How Flexible Spending Accounts SHOULD Work

The ‘use-it-or-lose-it’ provision of tax-exempt flexible spending accounts really, really irks me. I just don’t get why it is that unspent money should be forfeited at the end of the year. Why should honest, hard-working people be penalized if they have an unexpectedly good year and spend less than anticipated on medical care? Likewise, why should people be forced into an overly conservative estimate of their likely medical expenses during the upcoming year just because they’re afraid of losing their balance at the end of the year — the money lost to unnecessary taxes is just as real as the money forfeited if people overestimate their qualified expenses.

Part of the problem seems to be that the IRS allows employers to set their own contribution limits for medical FSAs (see here for details) — if employers set a fairly high limit and employees are allowed to add and carry over money indefinitely, then I’m sure that more than a few enterprising souls would figure out a way to seriously abuse the system. But it doesn’t have to be that way. From my perspective, it would make far more sense if the IRS (or even employers) would just set a maximum limit on account balances. They could then allow you to carry money forward if necessary, and simply reduce your allowable contribution in the coming year by the amount that you are carrying over. For example, if the maximum balance for 2006 was (say) $4, 000 and you ended up carrying $500 forward from 2005, then you would only be allowed to contribute a maximum of $3, 500 for 2006 (giving you a total balance of $4, 000). That way nobody would be able to accumulate an unlimited pile of cash in their FSA, nobody would have to forfeit unspent dollars at the end of the year, and nobody would be forced into making overly conservative contributions for fear of losing unspent money.

One difficulty with this plan is that open enrollment is typically in the fall (at least at my employer), but you have until the end of December to incur eligible expenses. On top of that, you often have an additional two months to claim your refund. Thus, the year could be nearly a quarter over before you (or your employer or the IRS) would know how much you had left at the end of the previous year. However, it wouldn’t be all that difficult to simply adjust down the remaining contributions to fit under the cap, and possibly add penalties where necessary. Another possible difficulty is that you’re allowed to take money out of FSAs faster than you put it in, which can result in a shortfall for the employer if an employee cashes in and splits. From what I’ve heard (read the comments following this article), the forfeited money is used to help offset these sorts of shortfalls. Although I’ve personally benefitted from this loophole, I don’t think that it’s unreasonable to expect employees to pay back their excess withdrawals if they leave a job before sufficient contributions have been made.

The bottom line is that, although this might take a bit of additional work and creative thinking to implement, it’s definitely doable, and it would end up being a far more fair system than what is currently in place.

8 Responses to “How Flexible Spending Accounts SHOULD Work”

  1. Anonymous

    Mike B, sorry but I don’t think that is what this old post is driving at. you can only have a HSA if you have a high deductible healthcare plan. So if you don’t then you can’t have an HSA

  2. Anonymous

    @Mike: Food is taxed, generally. Some (not all) states exempt food from their state sales tax; medical care is likewise exempt from sales tax. We’re not talking about sales tax, though — we’re talking about federal income tax.

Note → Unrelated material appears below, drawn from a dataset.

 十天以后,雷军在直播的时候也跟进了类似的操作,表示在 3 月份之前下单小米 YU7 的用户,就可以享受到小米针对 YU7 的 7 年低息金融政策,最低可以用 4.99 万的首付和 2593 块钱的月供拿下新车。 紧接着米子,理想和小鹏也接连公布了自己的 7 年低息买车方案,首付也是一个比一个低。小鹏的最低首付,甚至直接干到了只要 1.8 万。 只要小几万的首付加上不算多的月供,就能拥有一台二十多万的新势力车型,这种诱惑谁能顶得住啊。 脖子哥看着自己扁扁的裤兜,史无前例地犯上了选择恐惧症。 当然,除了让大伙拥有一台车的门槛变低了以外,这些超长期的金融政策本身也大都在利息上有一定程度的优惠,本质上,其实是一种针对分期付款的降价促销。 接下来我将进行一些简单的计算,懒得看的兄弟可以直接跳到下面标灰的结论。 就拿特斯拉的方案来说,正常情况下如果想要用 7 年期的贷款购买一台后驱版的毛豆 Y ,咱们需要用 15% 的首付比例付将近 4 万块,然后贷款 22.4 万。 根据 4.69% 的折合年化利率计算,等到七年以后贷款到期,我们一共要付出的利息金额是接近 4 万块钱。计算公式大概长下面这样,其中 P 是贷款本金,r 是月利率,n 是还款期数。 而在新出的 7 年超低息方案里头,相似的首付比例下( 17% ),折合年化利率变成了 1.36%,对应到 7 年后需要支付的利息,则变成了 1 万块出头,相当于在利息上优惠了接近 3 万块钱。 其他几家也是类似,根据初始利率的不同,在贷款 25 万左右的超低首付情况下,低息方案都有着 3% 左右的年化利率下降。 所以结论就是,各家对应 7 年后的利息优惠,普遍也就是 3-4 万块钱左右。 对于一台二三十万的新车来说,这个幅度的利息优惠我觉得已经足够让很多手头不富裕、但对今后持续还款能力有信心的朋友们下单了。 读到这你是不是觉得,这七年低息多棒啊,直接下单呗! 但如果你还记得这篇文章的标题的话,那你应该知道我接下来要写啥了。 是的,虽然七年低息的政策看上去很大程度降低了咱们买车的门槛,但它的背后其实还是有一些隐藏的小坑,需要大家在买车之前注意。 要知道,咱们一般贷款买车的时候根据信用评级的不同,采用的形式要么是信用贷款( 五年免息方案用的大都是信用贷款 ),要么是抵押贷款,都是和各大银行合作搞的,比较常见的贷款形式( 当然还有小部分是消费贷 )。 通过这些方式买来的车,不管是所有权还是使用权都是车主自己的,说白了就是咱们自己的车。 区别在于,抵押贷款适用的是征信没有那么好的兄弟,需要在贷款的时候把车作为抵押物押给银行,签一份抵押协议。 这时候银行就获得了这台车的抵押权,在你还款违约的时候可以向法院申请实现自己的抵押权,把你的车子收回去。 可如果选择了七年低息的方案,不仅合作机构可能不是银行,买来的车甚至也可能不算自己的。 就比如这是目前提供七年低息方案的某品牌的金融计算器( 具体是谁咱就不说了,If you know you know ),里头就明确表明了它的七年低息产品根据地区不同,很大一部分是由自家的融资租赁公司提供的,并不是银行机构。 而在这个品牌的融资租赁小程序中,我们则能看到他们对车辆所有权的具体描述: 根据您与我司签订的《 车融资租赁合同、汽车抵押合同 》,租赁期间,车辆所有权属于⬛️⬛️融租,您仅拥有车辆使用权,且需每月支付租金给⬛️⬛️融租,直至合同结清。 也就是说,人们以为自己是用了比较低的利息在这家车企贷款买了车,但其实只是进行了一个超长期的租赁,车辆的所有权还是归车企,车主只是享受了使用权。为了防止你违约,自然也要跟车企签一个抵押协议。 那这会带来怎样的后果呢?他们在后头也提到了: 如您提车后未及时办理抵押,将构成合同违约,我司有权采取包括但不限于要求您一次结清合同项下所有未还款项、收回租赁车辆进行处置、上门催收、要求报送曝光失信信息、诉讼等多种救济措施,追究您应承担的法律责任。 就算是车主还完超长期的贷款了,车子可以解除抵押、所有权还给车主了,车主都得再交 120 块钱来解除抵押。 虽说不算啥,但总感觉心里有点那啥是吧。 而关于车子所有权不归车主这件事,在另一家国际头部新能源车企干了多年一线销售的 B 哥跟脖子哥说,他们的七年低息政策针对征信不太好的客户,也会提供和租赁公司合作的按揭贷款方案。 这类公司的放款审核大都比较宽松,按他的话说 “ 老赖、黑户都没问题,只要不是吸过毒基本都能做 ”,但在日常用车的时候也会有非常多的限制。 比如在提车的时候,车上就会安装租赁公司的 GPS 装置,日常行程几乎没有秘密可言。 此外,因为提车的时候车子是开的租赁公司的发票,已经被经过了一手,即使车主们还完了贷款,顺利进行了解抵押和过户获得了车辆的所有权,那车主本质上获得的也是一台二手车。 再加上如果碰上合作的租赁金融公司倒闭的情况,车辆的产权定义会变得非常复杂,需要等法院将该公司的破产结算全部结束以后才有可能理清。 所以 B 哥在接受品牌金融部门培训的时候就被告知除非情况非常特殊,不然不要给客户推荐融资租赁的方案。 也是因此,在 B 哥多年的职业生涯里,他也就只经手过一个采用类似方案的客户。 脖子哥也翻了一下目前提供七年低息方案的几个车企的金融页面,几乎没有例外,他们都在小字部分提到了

    When you buy groceries, you do it with after-tax money. When you buy health care, you can do it with pre-tax money in certain cases like the FSA, but it’s generally also with after-tax money. If you have extreme healthcare costs, you can deduct them.

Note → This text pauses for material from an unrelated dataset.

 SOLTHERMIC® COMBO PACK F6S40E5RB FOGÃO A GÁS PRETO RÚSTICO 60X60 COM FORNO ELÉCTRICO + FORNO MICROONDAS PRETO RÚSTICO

    What this (old) post is really driving toward is wishing that FSAs would turn into HSAs — which are tax-free for healthcare, and do accumulate year-to-year.

  3. Anonymous

    Why not just make health care tax-free? Like food, everyone needs it. Food isn’t taxed (generally), so it would be an easy way to make health care more affordable to all. I haven’t heard this idea come up in the congressional deliberations on Obama’s Health Care Reform agenda. Why?

  4. Anonymous

    Can someone explain the rationale behind the use it or lose it rule? Its your money, if you don’t spend it, you should either get it back and have to pay tax on it, or you should be allowed to carry it forward to the next plan year (subject to a maximum accumulation/cap) – why make such a restrictive rule?

  5. Anonymous

    Personal Spending Accounts have been in the agenda for the current congress. At some point there was a proposal stating that money not used could be carried over. Maybe it will be discussed when the Congress comes back from recess.

  6. Anonymous

    The way I understand it, any forfeited money goes back to the empoloyer.

    In my case, my employer has commited to returning any forfeitted money back to the employee. They are looking into ways to carry this over tax-free, but if that doesn’t work, they will cut bonus checks for the ammount. In this case we will be taxed on the money, but won’t lose it!

    My employer also matches medical FSA contributions 2 for 1 up to $1000 matching. I put in $500, the company puts in $1000. Why wouln’t you without the threat of losing it?

    The reason my company is doing this is in an effort to move toward a medical savings account model with high deductible insurance only covering high dollar events. The goal is to enable employees to build a medical nest egg to cover the difference.